While the tumultuous developments on the eastern front unfolded, the Reich was gradually turning into a Führer state with an absentee Führer. During the summer of 1940, Hitler had been away at his headquarters on the western front for approaching two months.151 It had been no more than an interlude. But once the eastern campaign had started, and especially once it was realized that this was to be no repeated rapid military triumph, his absence became prolonged and then, in effect, permanent. Whereas Churchill was concerned to speak to the British people and let himself be seen as often as was practicable, Hitler practically disappeared from the public eye. During the remaining months of 1941, and with the popular mood in the Reich far from buoyant, he scarcely left his field headquarters to appear in public in Germany. Pressed by Goebbels to give a speech to rouse sagging morale, he deigned to spend six hours in Berlin on 3 October. A month later, on 8 November, he travelled to Munich, gave his customary address to the ‘Old Fighters’ of the Movement to commemorate the Putsch, spoke next day to the Reichs — and Gauleiter, and left immediately for the Wolf’s Lair. And he attended on 21 November the funeral in Berlin of General Ernst Udet (the First World War flying-ace in charge of air armaments who had committed suicide after Göring had made him the scapegoat for the Luftwaffe’s failures on the eastern front), returning six days later for the ceremony prolonging the Anti-Comintern Pact and using the occasion to receive a number of foreign dignitaries before departing again for his field headquarters in East Prussia after a stay of two days.152
Otherwise the German people saw him only in occasional newsreel clips, usually in the company of his generals. His continued absence in 1941 was the start of a process which, as the war progressed and final victory became a mirage, would transform the most notable populist leader of the twentieth century, the masterly demagogue whose power base had rested in no small measure on his unrivalled ability to play on the expectations and resentments of the people, into a remote and distant figure.

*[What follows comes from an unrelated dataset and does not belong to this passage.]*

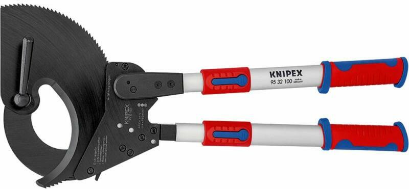 Kábelvágó fogó, kilincskerékelv teleszkópnyéllel Jellemzők: Egy- és többeres réz- és alumínium-kábelek elvágására, kemény gumi- és műanyagköpenyűé is · Nem alkalmas acéldróthoz és drótkötélhez · Szalagvas-páncélzatú kábelekhez is alkalmas · Erőtakarékos vágás az optimalizált áttétel következtében · Nagy vágási teljesítmény a kétkezes kezelés és
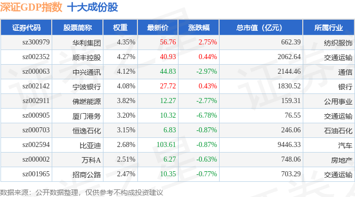 深证GDP(399648)指数十大成份股详情如下:

Hitler’s increasing detachment meant an inevitable acceleration of the existing, strongly developed tendency towards the disintegration of any semblance of coordinated administration of the Reich. The stark figures for governmental legislation provide an indicator. Out of 445 pieces of legislation in 1941, only seventy-two laws, published Führer decrees, and ministerial decrees represented any semblance of inter-ministerial policy formation. The remaining 373 decrees were produced by individual ministries without wider consultation.153
Bormann’s appointment as head of the newly designated Party Chancellery in May 1941 accentuated rather than checked the trend. His proximity to Hitler, bureaucratic energy, ideological commitment, and ruthless drive certainly gave the Party new impetus and scope for intervention, after years of leadership by the weak and ineffectual Rudolf Heß. Bormann saw his role, in belonging ‘to the closest staff of the Führer’, as channelling selected information to Hitler and ‘continually informing the Reichsleiter, Gauleiter, and heads of organizations of the decisions and opinions of the Führer’.154 Though, under the influence of events in the east, Bormann’s leadership of the Party now accentuated the ideological tone and radicalization of policy on the home front, it brought no coordination of government. On the contrary: the consequence in practice was to intensify still further intergovernmental conflict and heighten the unresolvable tension built into the Nazi regime between the demands of bureaucratic administration and the anti-bureaucratic pressures of an ideologically driven leadership of the regime.155
Hitler’s role remained, of course, pivotal. He was, as ever, the linchpin of the system (if ‘system’ is an appropriate term for such an administrative free-for-all) and the fount of ideological legitimation. He was also kept informed, though in unsystematic and ill-balanced ways, of, frequently, quite trivial as well as more important issues. But the insistence on retaining all the overriding controls of every significant sphere of rule in his own hands, coupled with his physical absence from the centre of government, almost total preoccupation with the war effort, and complete distaste for bureaucratic methods, meant an inescapable fragmentation of the machinery of government and, accompanying it, an ever-intensifying radicalization of the regime.